── Recorded information ──
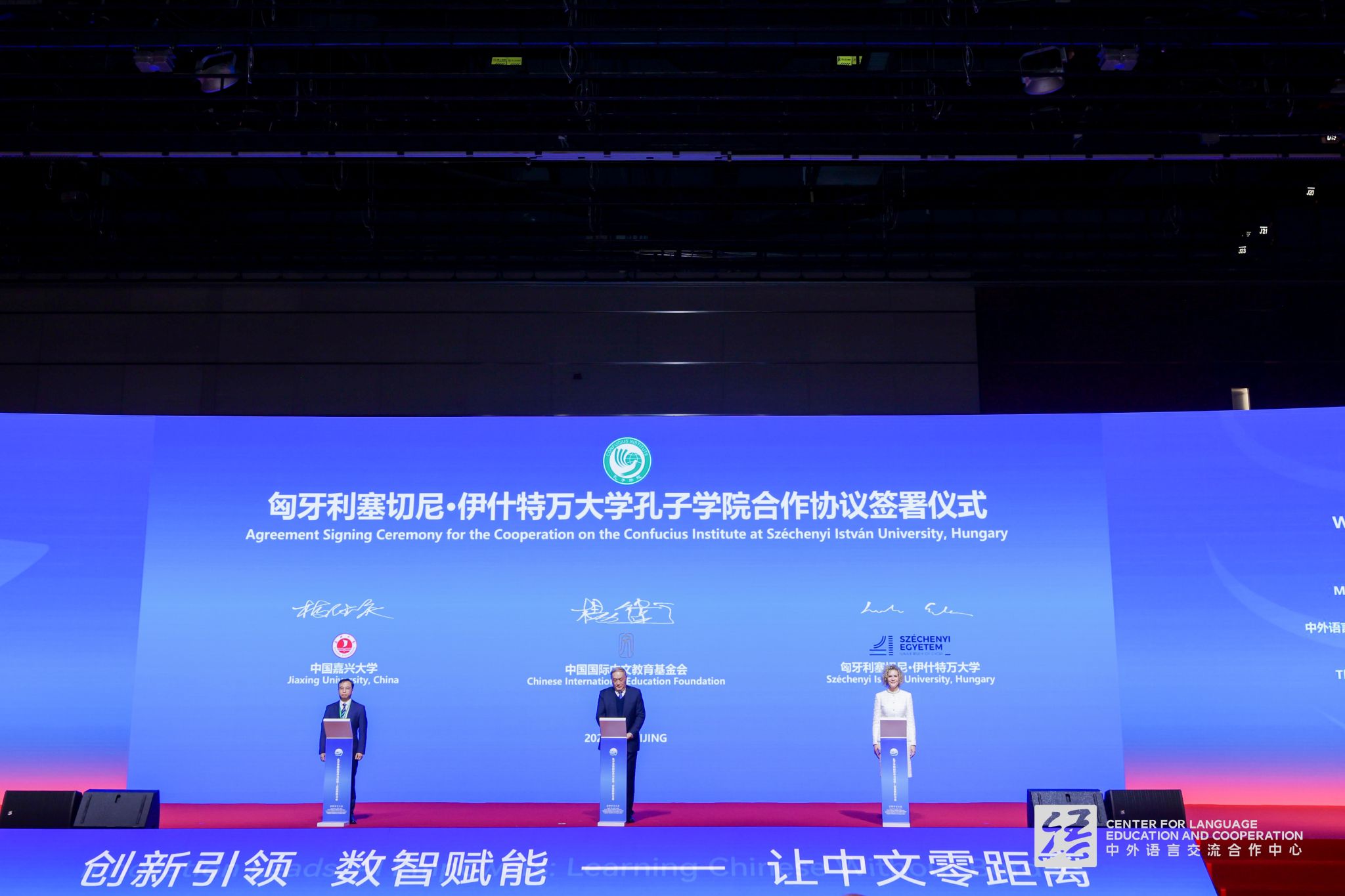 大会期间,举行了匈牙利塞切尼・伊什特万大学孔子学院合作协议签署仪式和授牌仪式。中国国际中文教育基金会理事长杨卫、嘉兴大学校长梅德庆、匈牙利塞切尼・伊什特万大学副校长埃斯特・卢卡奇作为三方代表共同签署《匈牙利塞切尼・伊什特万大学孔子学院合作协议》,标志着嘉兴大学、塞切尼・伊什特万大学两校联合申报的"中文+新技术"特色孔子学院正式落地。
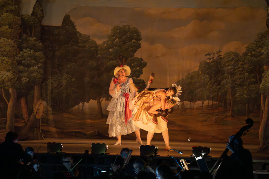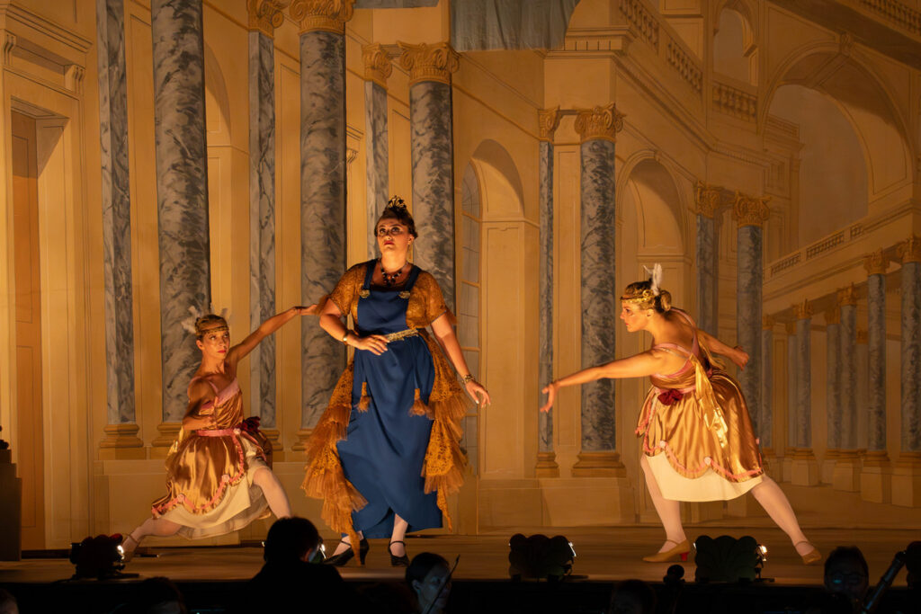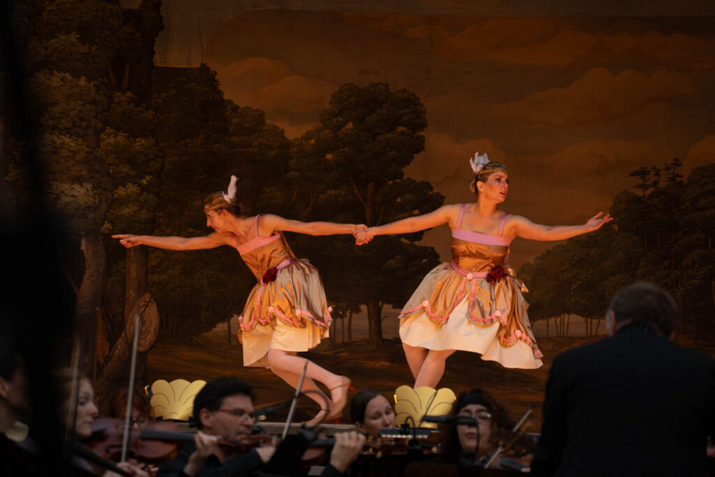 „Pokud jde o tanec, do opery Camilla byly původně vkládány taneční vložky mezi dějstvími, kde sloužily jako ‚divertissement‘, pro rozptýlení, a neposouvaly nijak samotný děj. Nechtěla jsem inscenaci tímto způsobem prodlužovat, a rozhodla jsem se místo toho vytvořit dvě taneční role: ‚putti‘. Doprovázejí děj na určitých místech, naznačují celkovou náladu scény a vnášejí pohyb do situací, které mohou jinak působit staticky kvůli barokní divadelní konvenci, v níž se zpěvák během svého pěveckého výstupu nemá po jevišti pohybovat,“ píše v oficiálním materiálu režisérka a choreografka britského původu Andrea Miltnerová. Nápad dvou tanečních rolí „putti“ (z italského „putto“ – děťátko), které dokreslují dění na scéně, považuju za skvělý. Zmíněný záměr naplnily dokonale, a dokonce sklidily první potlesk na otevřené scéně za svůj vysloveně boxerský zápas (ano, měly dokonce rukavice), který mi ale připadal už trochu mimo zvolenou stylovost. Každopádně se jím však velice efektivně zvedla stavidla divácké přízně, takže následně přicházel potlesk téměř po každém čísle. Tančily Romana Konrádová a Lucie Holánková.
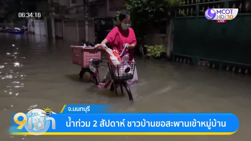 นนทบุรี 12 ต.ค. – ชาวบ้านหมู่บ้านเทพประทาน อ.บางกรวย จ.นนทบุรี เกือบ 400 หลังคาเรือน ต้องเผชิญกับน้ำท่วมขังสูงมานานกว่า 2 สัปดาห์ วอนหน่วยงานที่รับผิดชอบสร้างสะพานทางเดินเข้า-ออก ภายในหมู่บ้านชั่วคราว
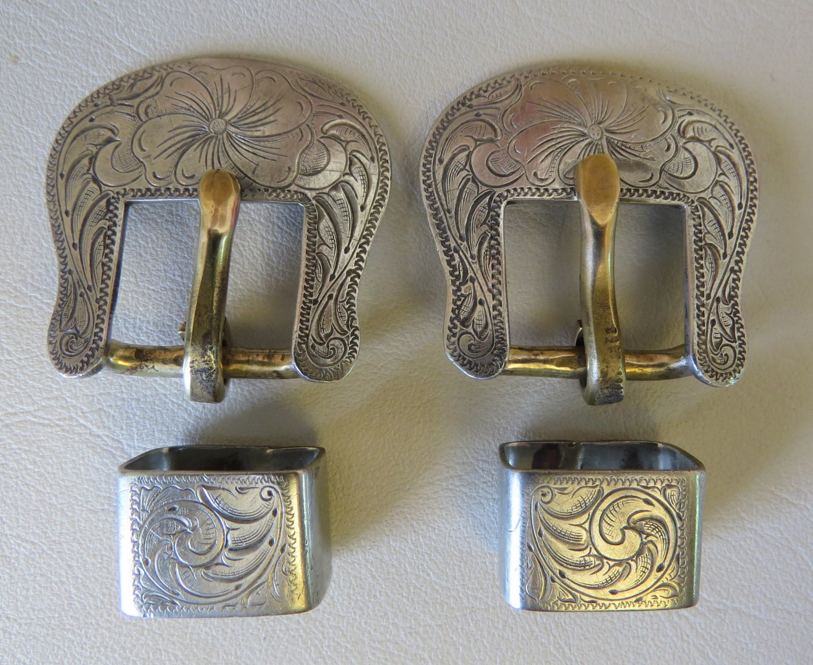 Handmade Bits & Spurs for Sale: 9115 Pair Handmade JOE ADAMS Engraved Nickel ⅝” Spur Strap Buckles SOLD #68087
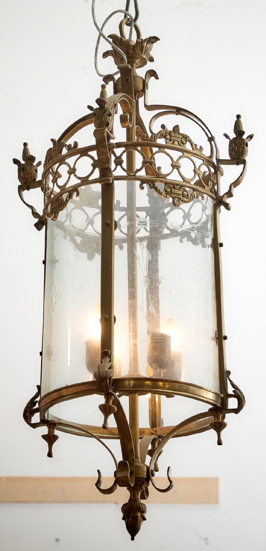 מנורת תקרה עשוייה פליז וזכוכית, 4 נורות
───
→ **Work to be completed**
Leaving out the pictures, repeat the data above exactly.

→ **Your solution**
 大会期间,举行了匈牙利塞切尼・伊什特万大学孔子学院合作协议签署仪式和授牌仪式。中国国际中文教育基金会理事长杨卫、嘉兴大学校长梅德庆、匈牙利塞切尼・伊什特万大学副校长埃斯特・卢卡奇作为三方代表共同签署《匈牙利塞切尼・伊什特万大学孔子学院合作协议》,标志着嘉兴大学、塞切尼・伊什特万大学两校联合申报的"中文+新技术"特色孔子学院正式落地。
 „Pokud jde o tanec, do opery Camilla byly původně vkládány taneční vložky mezi dějstvími, kde sloužily jako ‚divertissement‘, pro rozptýlení, a neposouvaly nijak samotný děj. Nechtěla jsem inscenaci tímto způsobem prodlužovat, a rozhodla jsem se místo toho vytvořit dvě taneční role: ‚putti‘. Doprovázejí děj na určitých místech, naznačují celkovou náladu scény a vnášejí pohyb do situací, které mohou jinak působit staticky kvůli barokní divadelní konvenci, v níž se zpěvák během svého pěveckého výstupu nemá po jevišti pohybovat,“ píše v oficiálním materiálu režisérka a choreografka britského původu Andrea Miltnerová. Nápad dvou tanečních rolí „putti“ (z italského „putto“ – děťátko), které dokreslují dění na scéně, považuju za skvělý. Zmíněný záměr naplnily dokonale, a dokonce sklidily první potlesk na otevřené scéně za svůj vysloveně boxerský zápas (ano, měly dokonce rukavice), který mi ale připadal už trochu mimo zvolenou stylovost. Každopádně se jím však velice efektivně zvedla stavidla divácké přízně, takže následně přicházel potlesk téměř po každém čísle. Tančily Romana Konrádová a Lucie Holánková.
 นนทบุรี 12 ต.ค. – ชาวบ้านหมู่บ้านเทพประทาน อ.บางกรวย จ.นนทบุรี เกือบ 400 หลังคาเรือน ต้องเผชิญกับน้ำท่วมขังสูงมานานกว่า 2 สัปดาห์ วอนหน่วยงานที่รับผิดชอบสร้างสะพานทางเดินเข้า-ออก ภายในหมู่บ้านชั่วคราว
 Handmade Bits & Spurs for Sale: 9115 Pair Handmade JOE ADAMS Engraved Nickel ⅝” Spur Strap Buckles SOLD #68087
 מנורת תקרה עשוייה פליז וזכוכית, 4 נורות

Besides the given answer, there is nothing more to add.